A Comparison of the effect of Oral Misoprostol and Vaginal Misoprostol on the Labor Induction at Term.
- Author:
Jae Hun SONG
1
;
Young Wook JEONG
;
Jeong Won MIN
;
Suk Su LEE
Author Information
1. Department of Obstetrics and Gynecology, Sun General Hospital, Daejeon, Korea. cofmilo@hanmail.net
- Publication Type:Original Article ; Randomized Controlled Trial
- Keywords:
Labor induction;
Oral misoprostol;
Vaginal misoprostol
- MeSH:
Cervical Ripening;
Cesarean Section;
Female;
Heart Rate, Fetal;
Humans;
Meconium;
Misoprostol*;
Parturition;
Pregnancy
- From:Korean Journal of Obstetrics and Gynecology
2006;49(3):536-543
- CountryRepublic of Korea
- Language:Korean
-
Abstract:
OBJECTIVE: To compare the safety and the efficacy of oral 100 microgram versus vaginal 50 microgram misoprostol for labor induction at term. METHODS: Eighty patients with indicated for labor induction were randomized to receive either oral misoprostol 100 microgram or 50 microgram of vaginal misoprostol. In both groups, the dosage was repeated every 6 hours, if needed, to a maximum of four doses. We compared the Bishop score during labor induction, average interval from induction to delivery, vaginal delivery rate within 12 hours and 24 hours, mode of delivery, neonatal outcomes, and maternal complications between two groups. RESULTS: In two groups, demographic characteristics were similar. Regarding the change of Bishop score checked after 4 hours and 8 hours, it was statistically shown that the score was significantly high in oral misoprostol group compared to vaginal misoprostol group (5.9+/-1.4 vs. 5.1+/-1.1, p<0.05; 8.6+/-2.3 vs. 7.1+/-2.1, p<0.05). In nulliparous women, the average interval from induction to delivery was shorter in oral misoprostol group than in vaginal misoprostol group (927.4+/-344.7 minutes vs. 1130.6+/-297.0 minutes, p<0.01). In multiparous women, the average interval from induction to delivery was shorter in oral misoprostol group than in vaginal misoprostol group (674.2+/-110.4 minutes vs. 831.1+/-181.6 minutes, p<0.01).

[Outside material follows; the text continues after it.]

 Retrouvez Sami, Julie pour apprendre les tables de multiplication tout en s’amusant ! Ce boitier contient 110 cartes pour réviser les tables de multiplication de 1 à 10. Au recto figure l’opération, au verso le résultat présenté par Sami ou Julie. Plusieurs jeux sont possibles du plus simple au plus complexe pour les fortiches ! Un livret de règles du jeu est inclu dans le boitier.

There was no clinical or statistical difference between two groups in mode of delivery, cesarean section rate, fetal heart rate abnormalities, tachysystole, hyperstimulation syndrome, meconium staining and fetal outcome (Apgar score at 1 and 5 minutes, birth weight). CONCLUSION: These results suggest that oral misoprostol 100 microgram is more effective for cervical ripening and induction of labor than vaginal misoprostol 50 microgram.